Supporters of Obamacare repeal told The Palm Beach Post one problem is the study relies on worst-case assumptions.
“The entire study is faulty because it is basing its analysis of the possible effects of a repeal of Obamacare premium tax credits and Medicaid expansion without any other changes to federal policy, and doesn’t factor in any policy actions taken by the states,” said Chris Hudson, Florida director of Americans for Prosperity, which pushes for smaller government. “There has not been a single indication that anyone intends to repeal just these two policies and not make any other substantive policy changes.”
Few dispute Florida has a king-size stake in what happens. A study by the Kaiser Family Foundation calculated Florida and its Obamacare customers have the most to lose of any state in the country, $5.2 billion, in subsidies to make premiums cheaper. More than 1.5 million Floridians have signed up for Obamacare marketplace plans, and about nine out of 10 get subsidies.

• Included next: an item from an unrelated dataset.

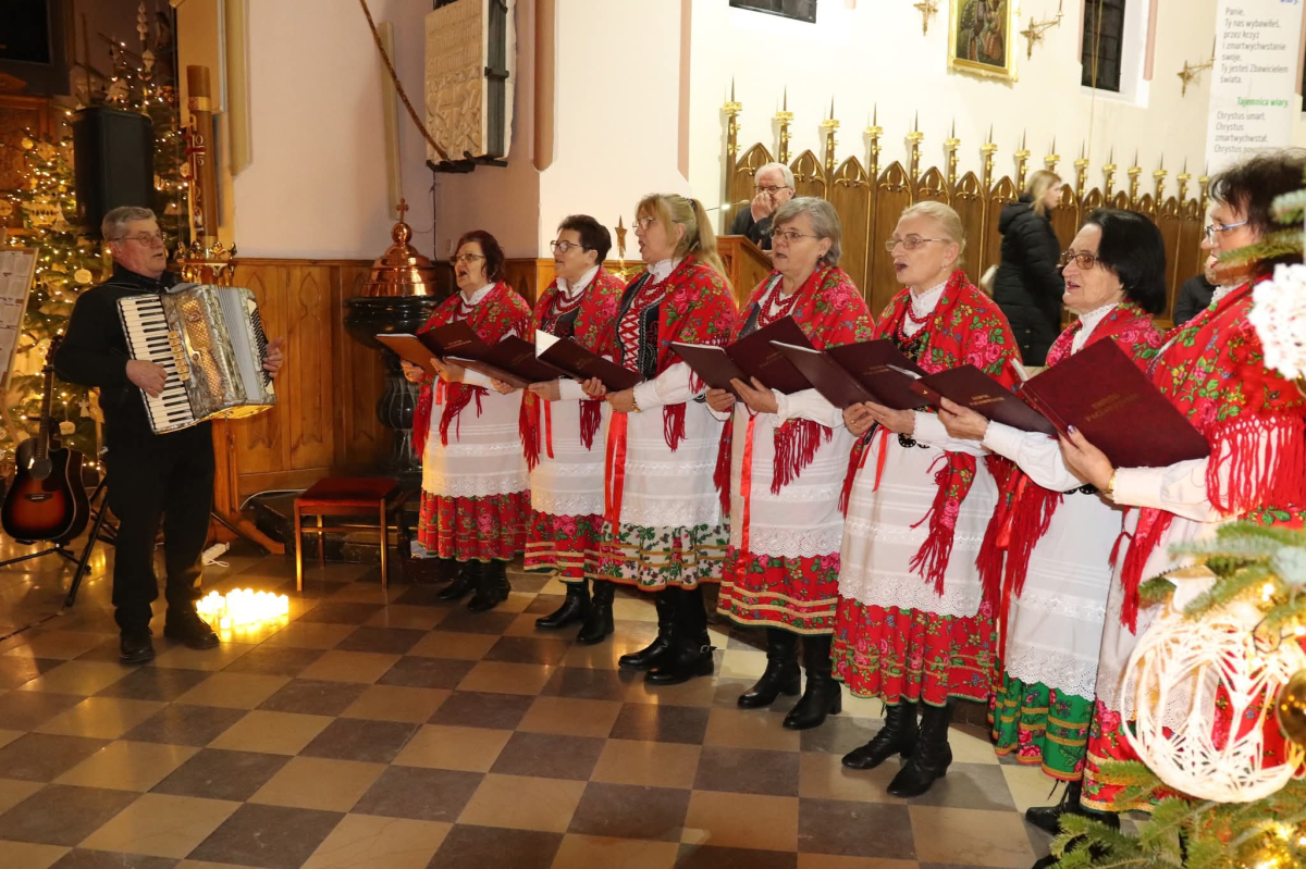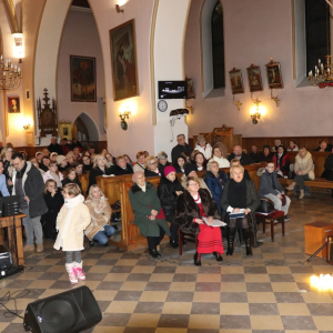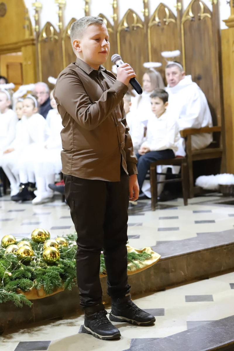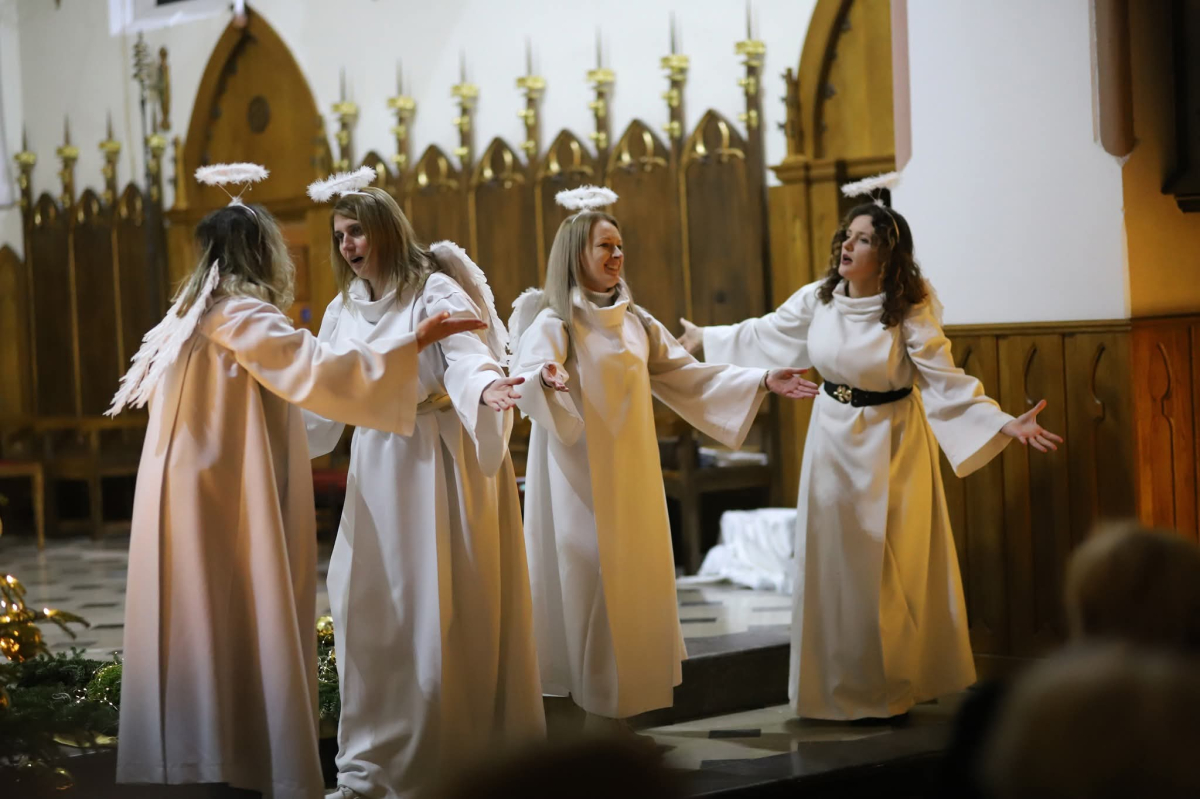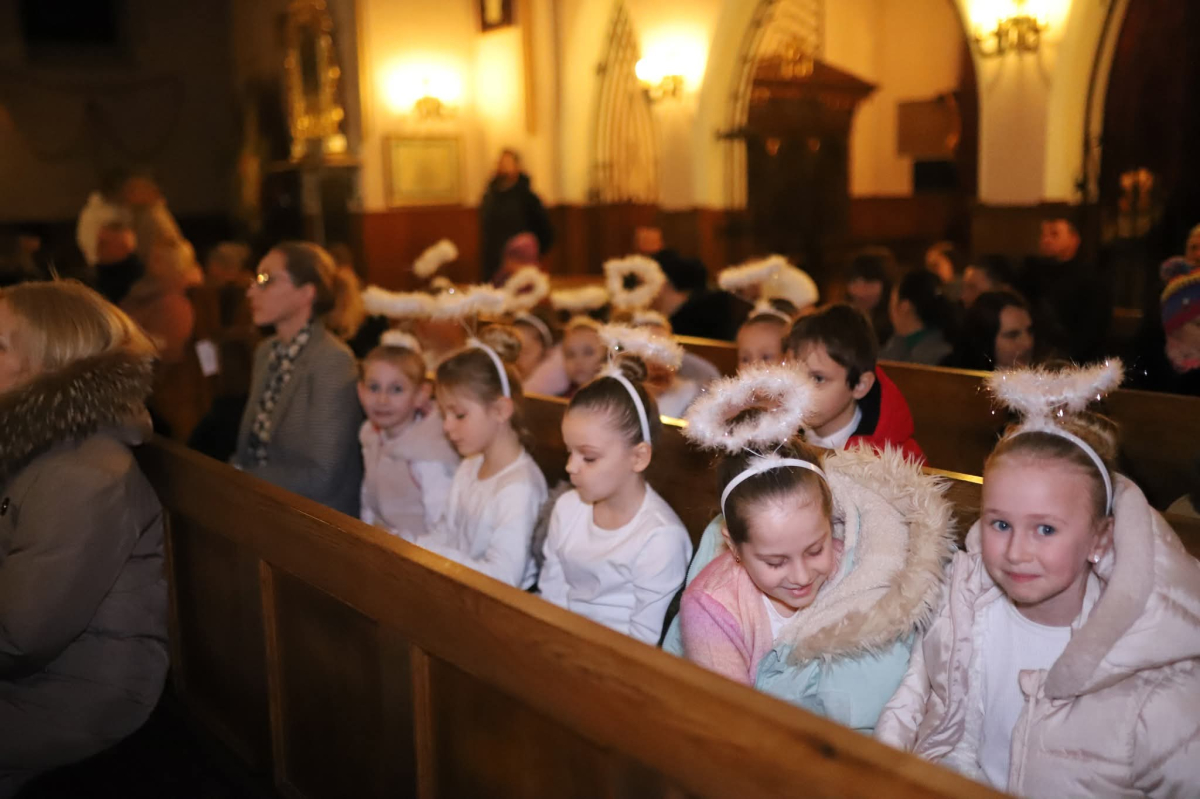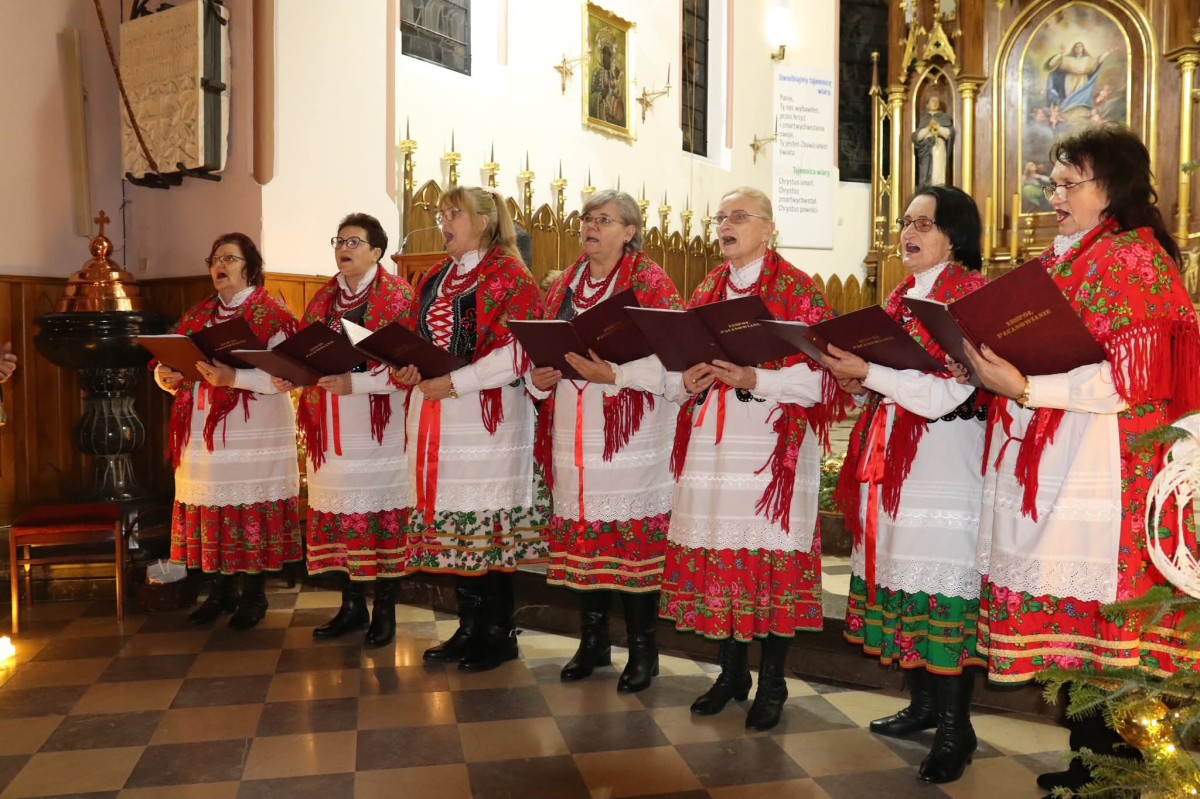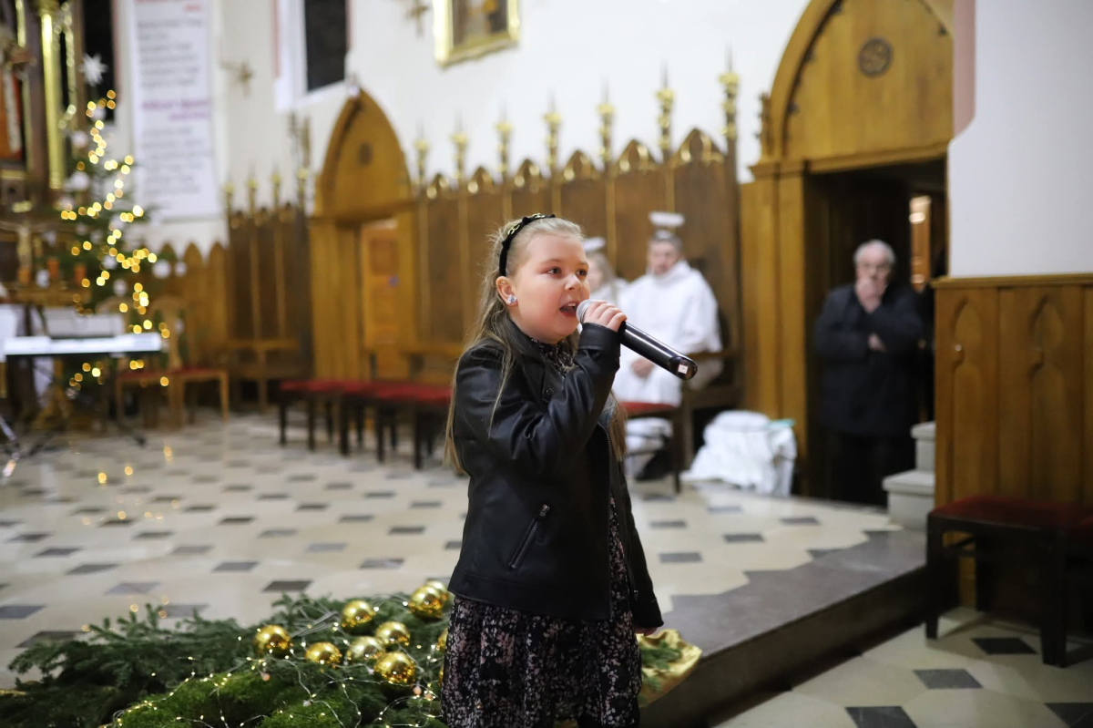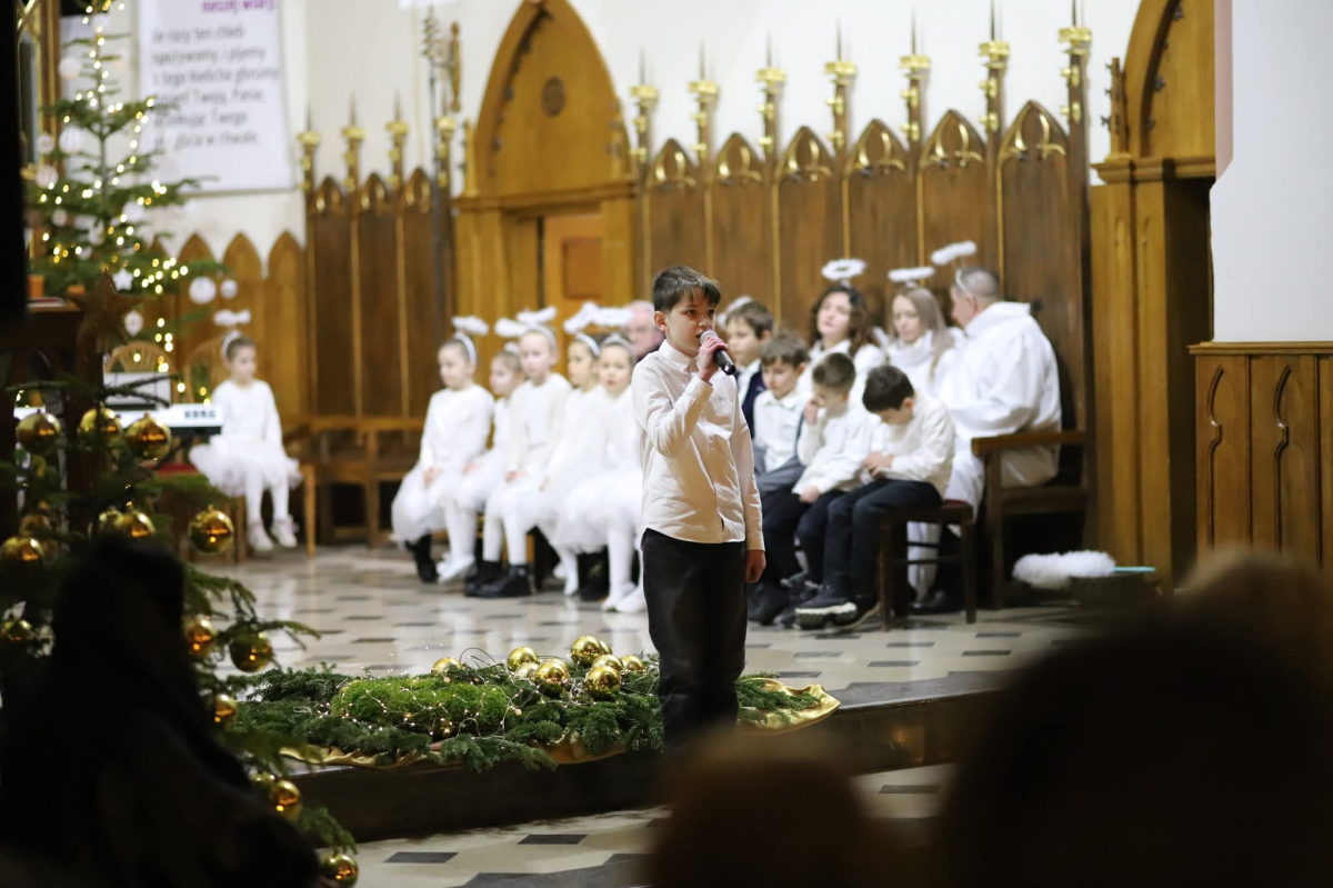 Panie Jezu, po raz czwarty przybyliśmy powitać Cię na świecie i śpiewać Twoją chwałę w kościele pw. Wniebowzięcia Najświętszej Marii Panny. Nieco spóźnieni i z lekką zadyszką (nawiązujemy do liryku ks. Kazimierza Wójtowicza), ale z przepełnionym radością sercem. Nie obyło się jednak bez komplikacji… Chodzi mianowicie o wielkie zamieszanie w niebie i na ziemi. Kiedy anielice szykowały wigilię, męska część nieba nie dopilnowała swoich obowiązków. Mała uboga dziewczynka z zapałkami marzła na mrozie. Znikąd nie było pomocy. Ludzie mijali ją obojętni. Co robić? Co robić? Martwiły się cherubiny. Jest remedium na ten kłopot! Tylko kolędy rozgrzeją ludzkie serca i skłonią ziemian do pomocy. Takie będzie rozwiązanie niebiańskiego kłopotu. Ale anioły przeliczyły swoje siły i potrzebowały natychmiastowej pomocy. To zadanie w sam raz dla nas! W sukurs przyszły i dzieci, i młodzież. Co nastąpiło potem? Próżno by opowiadać. Na własne oczy trzeba by to zobaczyć oraz usłyszeć. Dźwięczne śpiewne głosy, brzmienie gitar, mocne uderzenie zespołu muzycznego i anielskie pląsy rozgrzewały nieczułe ludzkie serca. Z pomocą pośpieszyli również dorośli: nasze Seniorki, zespół „Pacanowianie”, zespół „Singers QR” z Rytwian oraz rodzima „Oleśniczanka”. Było radośnie i dla ucha bardzo bardzo przyjemnie…

The Commonwealth Fund, a private foundation based in Washington, D.C., says its mission is to “promote a high-performing health care system that achieves better access, improved quality, and greater efficiency, particularly for society’s most vulnerable, including low-income people, the uninsured, minority Americans, young children, and elderly adults.”
Florida Gov. Rick Scott, who has made job growth a cornerstone of his administration, did not respond to a request for comment on the study through a spokeswoman. In a letter to Congressional leaders this month, he urged immediate repeal: “The time for major change in health care is now — not in six months or two years.”
He recommended a host of changes, including more flexibility for states and more choices for consumers in the design of insurance plans.
Florida CHAIN (Community Health Action Information Network), a patient advocacy organization, fired back Thursday at Scott’s letter.
If millions lose insurance and the flow of money is disrupted between hospitals, physicians, pharmacies and other players, the result would be “disaster,” the group said.
“The Affordable Care Act is far from perfect, but with some targeted modifications to fix those parts that are problematic, we could come up with something very workable,” Florida CHAIN’s response said.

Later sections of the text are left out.